Wednesday, January 20, 2016

Love Mommy

Dear Piper,

20 wks
I don't know you yet, and yet I do. I know you are our most active, pre-birth, yet. I know you bring me security and reassurance with those kicks. I know you are our third girl and having two sisters will be the biggest blessing and challenge of your life. I know you have many arms waiting to hold you, and help take care of you. I know you are safe and healthy. I know you are growing big and strong, but not too big. I know soon life will change for you quickly and it will be scary, but I will be there. I know you will recognize Daddy's voice and I know he wants you to be a snuggler so indulge him. I know you are going to be happy, because you have a lot of people ready to make sure you are. I know you are loved, and each day we wait our anticipation grows.
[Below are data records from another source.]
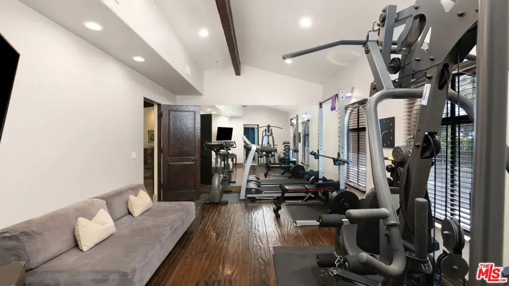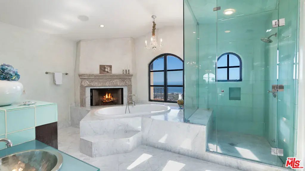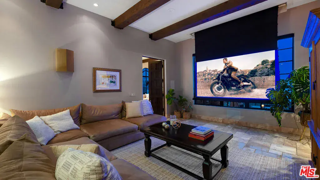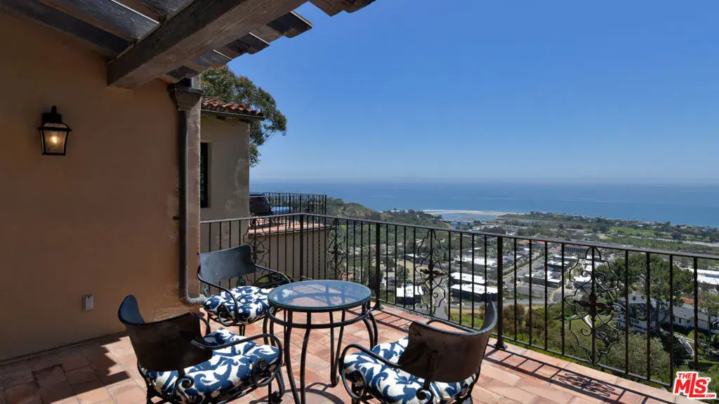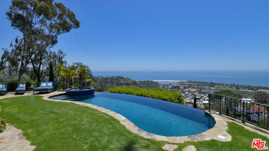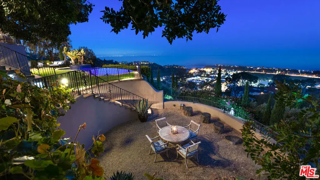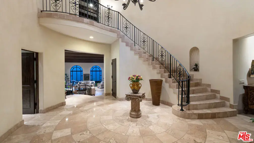 With sensational views, European styling, and amenities galore, this Italian-style villa combines classical design with up-to-the-minute features for year-round comfort and elegant entertaining. Situated behind gates on over an acre of gorgeous Mediterranean landscaping, the property’s highlights include a well-appointed guest house, theater, 3000-bottle wine cellar, infinity-edge pool, bocce court, and stunning straight-on views of Catalina and the ocean, plus the sparkling lights of the Queen’s Necklace.The carved, double front doors reveal a charming foyer that opens into a majestic entry hall with clerestory windows, a soaring, hand-painted domed ceiling, beautiful limestone flooring, and a stairway with a wrought-iron rail curving up to the second floor. Ahead is the step-down living room, awash in natural light. The room has extraordinary acoustics, ideal for music, with exposed beams, tall, arched windows with views from Palos Verdes to Point Dume, a massive stone fireplace, and double French doors opening to the entertainer’s ocean-view patio.The chef’s kitchen blends traditional styling with modern efficiency: beamed ceiling, herringbone-pattern reclaimed-tile floors, an island with bar seating topped with exquisite Brazilian Bahia stone, marble countertops, top-quality appliances, a hand-painted fresco, a built-in barbecue, and altar-wood trim from achurch in El Salvador. There is a spacious butler’s pantry with additional prep space, storage, and appliances, plus the laundry room adjoins the kitchen and has a door to the side yard.The kitchen opens out to include a large dining area with arched French doors to the ocean-view patio and a formal dining room occupies a round tower with chandelier ceiling, stained-glass window, and curved walls with windows overlooking the pool and ocean views. Off the living room is a theater/family room with a retractable screen, blackout shades, and ocean views.A hall off the foyer leads to a classic bookcase-linedoffice/library with beamed ceilings, limestone floors, a large fireplace, and French doors to the front yard. Continuing along this hallway, the wine cellar / tasting room feels like it could have been imported from a European castle. An en-suite bedroom has a sitting area andocean views. Next door is a gym, also en-suite, with wood floors and a walk-in closet. At the end of the hallway is a circular family room, complete with beamed ceilings, wood floors, courtyard and mountain views, and a bathroom.The estate’s upper floor is home to the gorgeous primary suite, with tall, beamed ceilings, antique reclaimed hardwood floors, a huge stone fireplace with fossilized shells quarried in San Luis Obispo, a sitting area, a walk-in closet, and French doors to a private deck with panoramic views. The primary bath has a lounge, a fireside, ocean-view, jetted, Carrara-marble tub, dual water closets, and a door to a partially covered private deck. Beyond the bath is a bonus work/play/studio room with ocean views and a nook with a hand-painted mural.At the front of the house there is a patio and fountain with sweeping mountain views. A generous motor court offers parking for nine cars. Above the three-car garage is a charming, private guest house, with a large living/sleeping room with beamed ceiling, herringbone tile floors, mountain-view balconies, a separate dining room, a kitchen, and a bath.The back of the property is terraced, with a selection of open and covered seating, beautiful pool and spa, lawn, dining areas, fire feature, bocce court, outdoor shower, olive trees, and views, views, views. The home’s additional features include multi-zone air conditioning, full-house sound, plus security and alarm systems. Built by one of Malibu’s most respected builders, this exceptionally private estate is located just minutes from central Malibu, beaches, trails, dining, and all that Malibu has to offer.
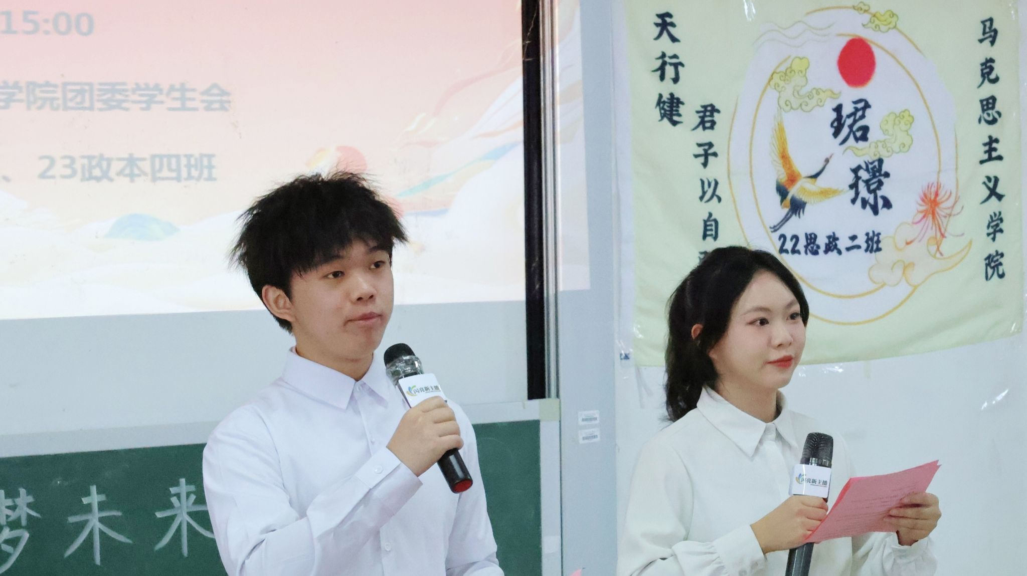 比赛伊始,艺术团成员带来开场节目《找自己》,紧接着白雪松老师作为评委代表发言,他指出,本次大赛的目的在于发掘既有深度理论积累又有实践能力的马院学子,为新时代文化传播注入新的活力,让马克思主义理论能得到进一步传播和普及。比赛过程中,参赛选手首先进行了两分钟的模拟主持,参赛选手们的选题紧跟实时新闻,表达清晰明了。随后,在配音环节中,选手们惟妙惟肖地演绎令人身临其境。在接下来的互动环节中,观众们踊跃参与,现场氛围高涨。在新闻评论的环节中,参赛选手们紧抓时政要点,侃侃而谈。比赛最后,第十五届闪亮新主播冠军韦宇晗、校广播站李青峰以及22政本2班班主任白雪松对选手进行了点评,他们肯定了选手们积极向上的精神风貌与临场发挥的能力,同时也指出了不足之处,有助于选手们提高自我,完善自我。
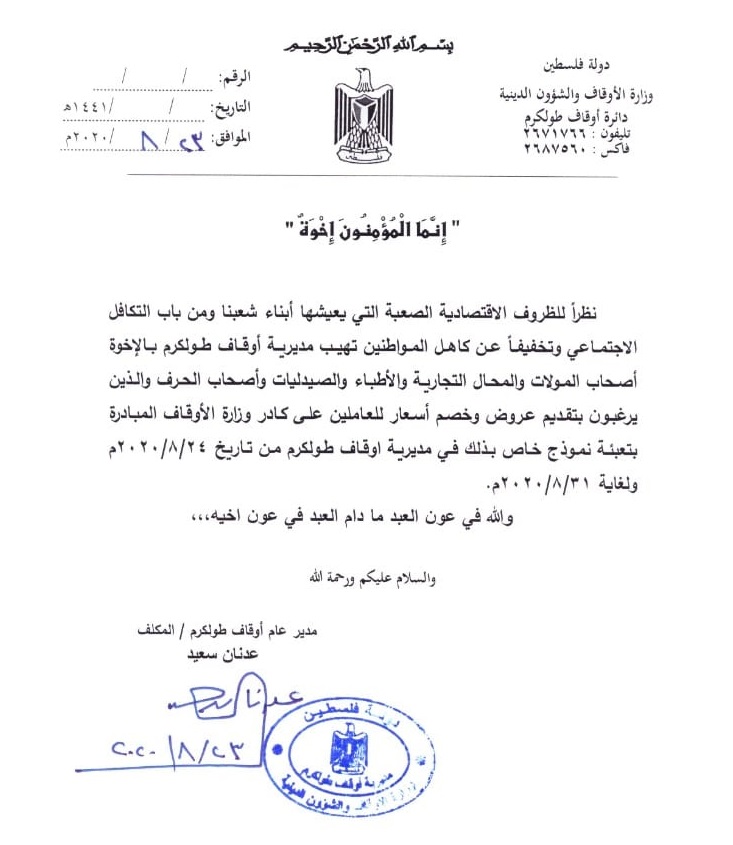 مديرية أوقاف طولكرم تهيب بأصحاب المحال والأطباء والصيادلة بتقديم عروض للعاملين بكادر وزارة الأوقاف.
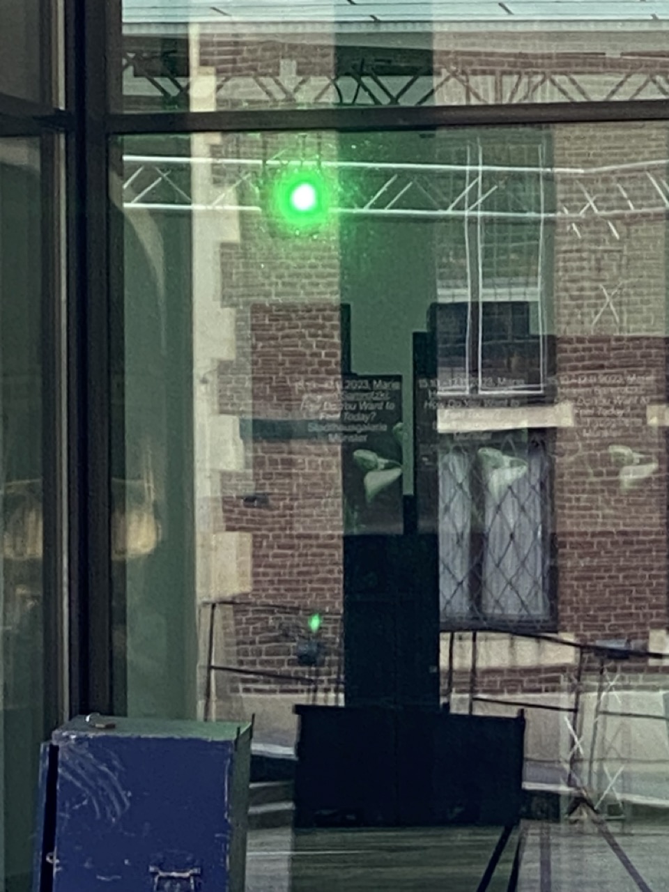 Donnerstag, 19. Oktober 15 Uhr. Stadthausgalerie Münster. Ein grünes Licht blendet mich.
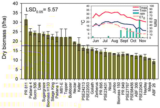 Final dry biomass measured in the thirty cultivars of sorghum under open field conditions was, on average, 17.51 ± 5.51 t ha−1 (Figure 4). A wide variability (CV 31.5%) among cultivars was calculated. Dry yield was maximized in ‘PR811’ (31.32 t ha−1), which significantly differed from all cultivars of sorghum examined. Low biomasses (<11 t ha−1) were harvested in ‘Maya’ and ‘ABF26’.
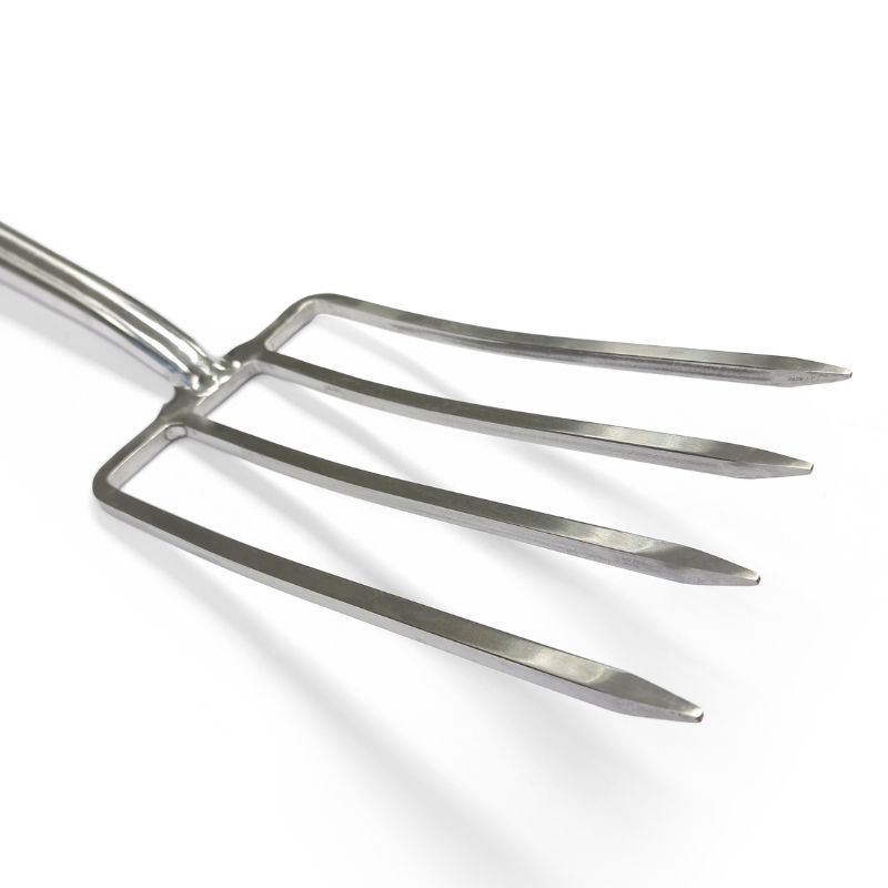 The fork's tines, crafted from mirror-polished stainless steel, slice through compacted earth effortlessly and resist sticking, making digging and aerating smoother and faster. The stainless steel head is firmly riveted into an extra-long lipped socket, adding robustness and structural integrity where most tools weaken over time.
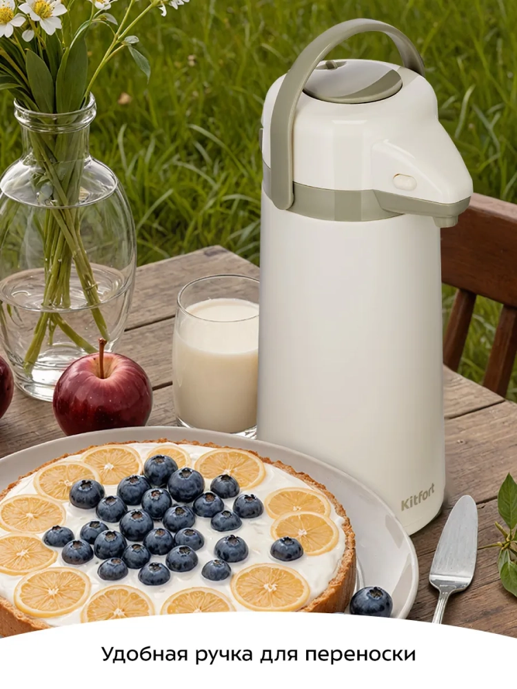 У изделия есть удобная ручка для переноски. При необходимости вы можете повернуть носик, не поднимая термос: на дне корпуса предусмотрен поворотный механизм. Данная модель предназначена для стационарного использования. Она будет незаменима во время отдыха на свежем воздухе, а также на кухне в офисе, квартире или на даче.

I'll be honest originally I thought we were in for a boy, but it didn't take much getting used to, (well it took Connor a little time), another girl. I see little girls everywhere I look and think "Wow, I am lucky." I think of you with your sisters one day, three little girls all dressed up on Sunday doing their best to catch Daddy's attention, I think of your sisters and all the crazy antics they get into and I think of the hair, dolls, and tea times. And my heart flutters and I get butterflies knowing that I am one lucky woman to be a Mother to another little girl.

Your arrival is fast approaching, I am officially 9 months pregnant with you. My body is stretched and tired and aches and yearns for your soon to be birth. And the fact that you could join our family any day now, occupies much of my thoughts. Even though you are our fourth little baby and I have been busy; every month, week, and even day seem to pass so slowly by. We are anxious for you; to have you settled in our home, to have your skin to kiss, and even to have your sweet cries to remind us we are blessed

37 wks
Your brother and sister pray for your arrival each and every night to say they are excited is an understatement. They love feeling you kick. They are a little scared of Mom's belly popping to let you out, but despite that they can't wait. Especially Connor. They talk about you daily, what you'll look like, what they will do with you, where they will be when you come, when they will get to see you, where will you sleep. We talk lots and lots about being soft and gentle with you and about holding you and kissing you and singing to you and watching you sleep and about knowing that all your little and big cries are how you tell us what you need. I think they are ready. Are you?

There isn't much waiting time left, so for now we will do our best to keep busy and try hard to make the next couple weeks pass quickly while we wait, to meet our baby Piper Scarlet. How deeply I have fallen in love with you already, you'll never know.